What is a Community Garden in the Digital Age? – Data Management Plan

  • What are the types of data that may be produced as part of this project?
    • This data will be collected via already publicly available data from websites such as NYC Opendata, GreenThumb Gardens website, GrowNYC among other individual community Garden websites. We will also focus on completely different sets of available datasets such as income by location in NYC, food deserts in NYC, among other ideas that will come up. In the following weeks, one of our team members will start to reach out to the community and begin an ethnographic study. This data will be new and be produced, edited by the team as a whole. It will consist of some recorded interviews as audio-file, transcription of the interviews and handwritten notes from visiting different community gardens. We plan to use information that the participants allow us to share. Information such as quotes, pseudonyms and overall group trends will be shared, and each interview will be stored on our shared google drive. This data is completely static and as long as the original hosting website is available, there should be a minimal risk of losing data. The only new data that will be produced is our cross analysis of any trends we see among different data sets. Extrapolation would be our “new data.” This would be stored in our shared google drive as our main document management system. This data would be static and this can evolve over time but we do not expect this to evolve during the next few months. We are planning to use free available software such as Tableau online and possible wordpress websites. TBD on the amount of data we are able to present. During this project we are using Google drive that is linked to three of our google accounts. If one of us loses access, then one of the other two can download any past data. We can also email or message each other with documents so we can have different avenues of sharing data.
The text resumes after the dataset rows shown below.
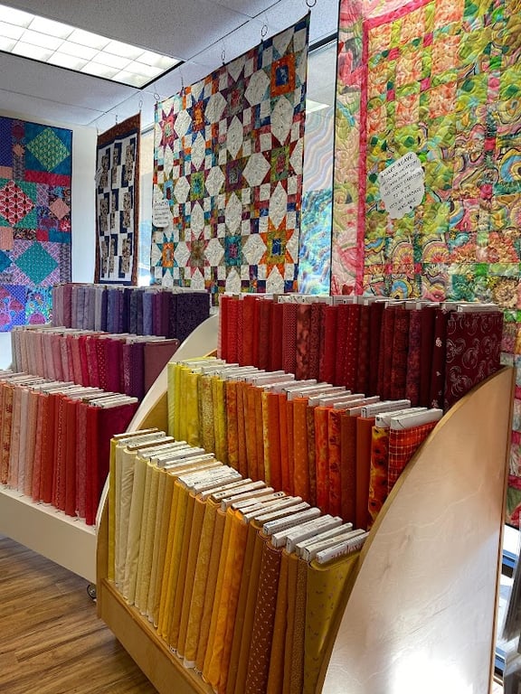 Colorful bolts of fabric line the shelves in Quilter's Quarters, showcasing various patterns.
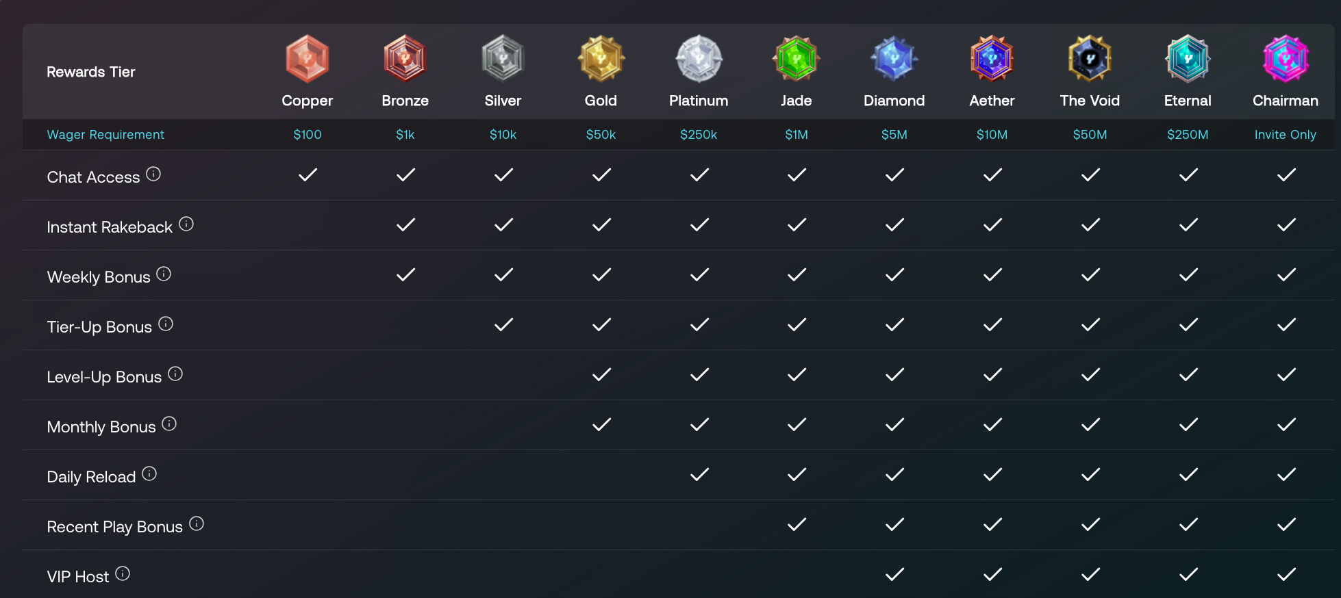 - Based on VIP program: VIP user can get a VIP host only when wagers $5m. If house edge is 3%, then $5m * 0.03 = $150k in losses before personal attention. I mean, I would contact user if his losses are already $50k or I see that user's average deposit is very high. Just a thought.
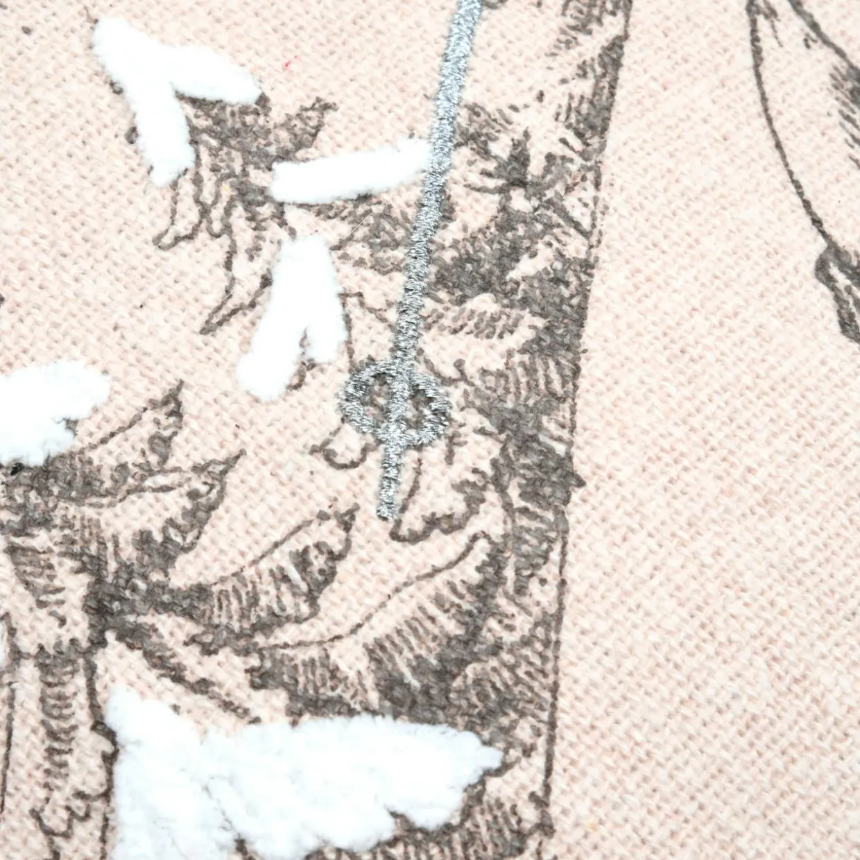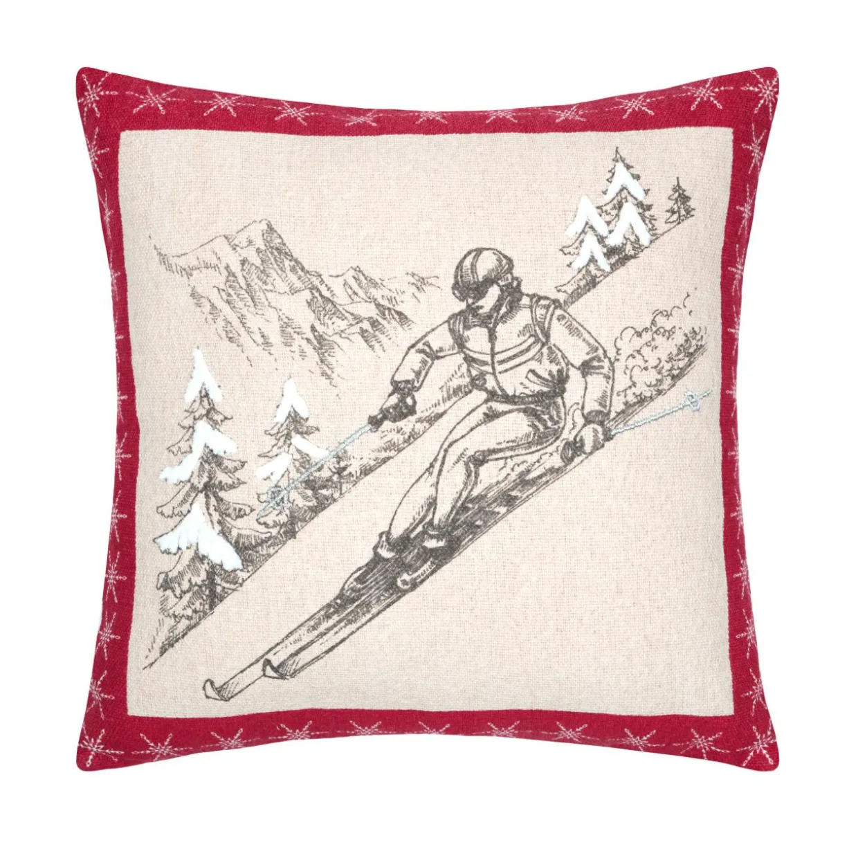 Imprimé : coussin à motif skieur au recto et uni au verso.

  • What standards will you be using for data collection, documentation, description, and metadata?
    • We will continue to use google drive for our dataset storage. We will aim to download easy to open files formats such as Excel, CVS, Word Documents. We will document any findings in a shared MS Word document file. Our Ethnographer will determine if any information is deemed private and will determine how to store that data in a private separate file. We will all review the way we store the documents, we will constantly vet and modify the files as we see fit and bring up any data that seems confidential to the team. We should all be responsible for informing each other with anything we see. We will have folders with file hierarchy such as organizing per week or per location. We will name each file with a main topic on the title and update it as we add on to the document.  We will use standard data naming conventions as “Final project” or “interviews on xx/xx”
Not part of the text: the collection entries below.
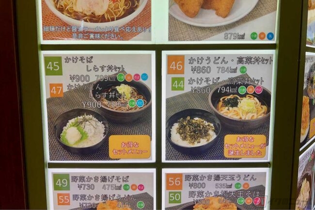 この日は朝ごはんに「かけそば・しらす丼セット」(900円)をオーダーしました。1000円を切る価格設定に加え、カロリーは799kcalと、セットメニューとしてはかなりヘルシーな内容です。
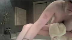 Ela se filma no chuveiro enquanto se acaricia e afeita seu bichano
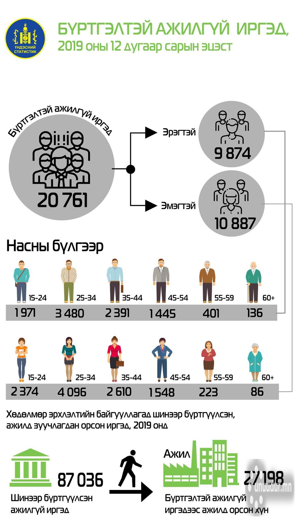 Үүнээс Улаанбаатар хотод 2019 онд нийт 33 473 иргэн нийслэл, дүүргийн хөдөлмөр эрхлэлтийн байгууллагад шинээр бүртгүүлснээс 10 878 иргэн нь ажилд зуучлагдан орсон байна гэж Үндэсний статистикийн хорооноос мэдээллээ.
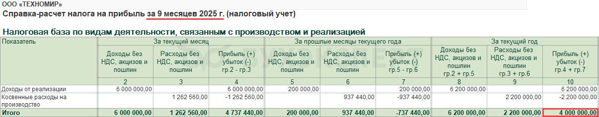 Прибыль за 9 месяцев составила 4 000 000 руб.
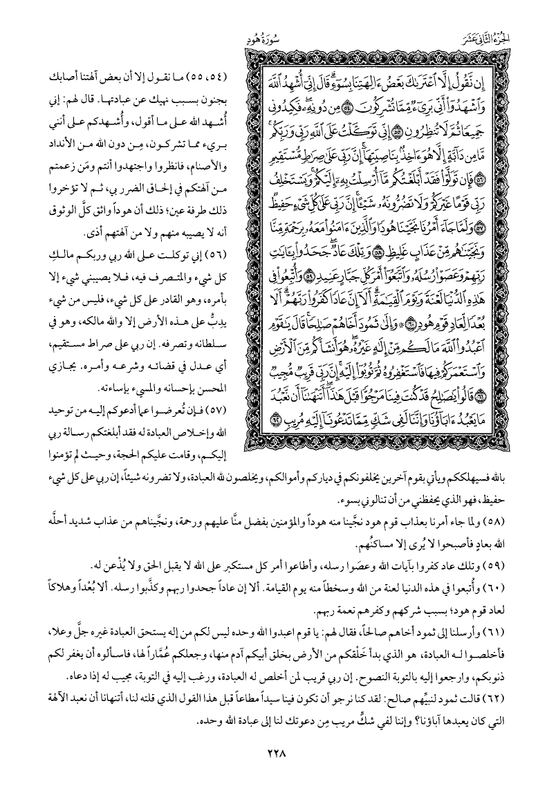 ما نقول إلا أن بعض آلهتنا أصابك بجنون بسبب نهيك عن عبادتها. قال لهم: إني أُشهد الله على ما أقول، وأُشهدكم على أنني بريء مما تشركون، مِن دون الله من الأنداد والأصنام، فانظروا واجتهدوا أنتم ومَن زعمتم من آلهتكم في إلحاق الضرر بي، ثم لا تؤخروا ذلك طرفة عين؛ ذلك أن هودًا واثق كل الوثوق أنه لا يصيبه منهم ولا من آلهتهم أذى.

  • What steps will you take to protect your or your participant’s security, privacy/confidentiality, intellectual property, or other rights? (Check current university policies for requirements.)
    • We will have complete ownership of interview data, we will determine if the interview data should be kept confidential in the most ethical way.  Each visit and interview we make with community gardens, we will make it clear if the wish to be private and to what degree.  Additionally will we make it clear to them how we are gonna use the interviews and they are not obligated to answer and can step out of the project if they wish. Since we are using already available and public data, there should be minimal reason to restrict or review this data. However, as Data Humanists we would need to be careful on determining if this data can be used for political and Nefarious reasons. If so, we would try our best to broaden the datasets and naming conventions. 
  • If you allow others to reuse your data, how will the data be accessed and shared?
    • The data we create and publish will be under standard sharing protocols. The data will not be restricted nor behind a paywall. We expect a large audience to use this information, one being community leaders themselves using this information to enhance their connection to their gardens. As we are extrapolating data as well, we expect future researchers to further this work or use it as a foundation for their research. We plan to export and publish this data on wordpress and/or CUNY commons. We hope this data will live as a historical preservation on data collected after the pandemic of 2020. 
  • How will the data be archived for preservation and long-term access?
    • Our internal data collection and method of collection will be stored in our personal google drive accounts. The external data will be available until CUNY common is no longer available to the public. We will stick to simple, ample and easy to access formats like Microsoft Office.